### TASK PROMPT
Skipping any pictures, repeat exactly and only the lines from the one that holds "个股表现方面,纺织制造行业当" to the last line of the material, both included.

───── DATA SEGMENT

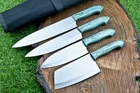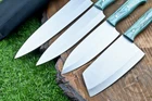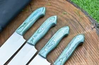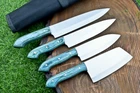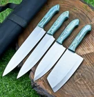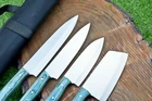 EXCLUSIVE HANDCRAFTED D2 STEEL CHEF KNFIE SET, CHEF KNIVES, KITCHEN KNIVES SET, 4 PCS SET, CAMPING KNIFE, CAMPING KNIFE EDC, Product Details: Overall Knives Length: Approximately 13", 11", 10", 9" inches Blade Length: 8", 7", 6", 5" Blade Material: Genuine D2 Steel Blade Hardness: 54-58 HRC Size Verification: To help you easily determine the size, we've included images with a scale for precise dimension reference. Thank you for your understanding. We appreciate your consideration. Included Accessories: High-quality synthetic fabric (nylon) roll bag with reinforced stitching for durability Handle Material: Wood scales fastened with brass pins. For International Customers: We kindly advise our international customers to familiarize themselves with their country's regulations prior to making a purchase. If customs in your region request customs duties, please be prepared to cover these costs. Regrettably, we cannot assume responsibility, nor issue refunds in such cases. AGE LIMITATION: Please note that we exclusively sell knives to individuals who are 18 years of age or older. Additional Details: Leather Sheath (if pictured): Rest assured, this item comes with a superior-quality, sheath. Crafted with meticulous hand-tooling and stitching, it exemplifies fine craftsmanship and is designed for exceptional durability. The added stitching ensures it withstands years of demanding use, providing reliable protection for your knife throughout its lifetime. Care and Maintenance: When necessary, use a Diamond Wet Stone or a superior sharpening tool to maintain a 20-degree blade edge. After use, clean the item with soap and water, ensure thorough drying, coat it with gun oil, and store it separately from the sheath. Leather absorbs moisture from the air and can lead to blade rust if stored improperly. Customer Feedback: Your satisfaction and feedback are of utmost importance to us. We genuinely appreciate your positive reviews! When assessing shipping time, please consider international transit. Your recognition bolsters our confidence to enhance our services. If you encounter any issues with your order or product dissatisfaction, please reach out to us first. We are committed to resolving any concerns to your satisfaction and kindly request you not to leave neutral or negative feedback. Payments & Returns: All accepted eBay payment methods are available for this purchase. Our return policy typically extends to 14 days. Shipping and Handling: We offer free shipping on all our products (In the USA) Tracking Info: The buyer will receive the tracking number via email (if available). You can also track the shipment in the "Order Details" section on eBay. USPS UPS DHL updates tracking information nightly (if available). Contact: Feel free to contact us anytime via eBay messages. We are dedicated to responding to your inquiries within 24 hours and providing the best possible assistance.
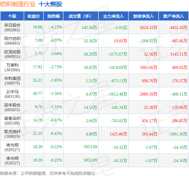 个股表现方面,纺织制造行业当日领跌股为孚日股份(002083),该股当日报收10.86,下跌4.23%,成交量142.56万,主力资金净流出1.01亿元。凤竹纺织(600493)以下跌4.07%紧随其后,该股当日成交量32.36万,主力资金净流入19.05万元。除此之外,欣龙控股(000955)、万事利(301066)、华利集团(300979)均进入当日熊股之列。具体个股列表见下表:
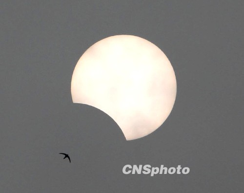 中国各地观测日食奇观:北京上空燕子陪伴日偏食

──────────

### SOLUTION TO THIS PROBLEM
 个股表现方面,纺织制造行业当日领跌股为孚日股份(002083),该股当日报收10.86,下跌4.23%,成交量142.56万,主力资金净流出1.01亿元。凤竹纺织(600493)以下跌4.07%紧随其后,该股当日成交量32.36万,主力资金净流入19.05万元。除此之外,欣龙控股(000955)、万事利(301066)、华利集团(300979)均进入当日熊股之列。具体个股列表见下表:
 中国各地观测日食奇观:北京上空燕子陪伴日偏食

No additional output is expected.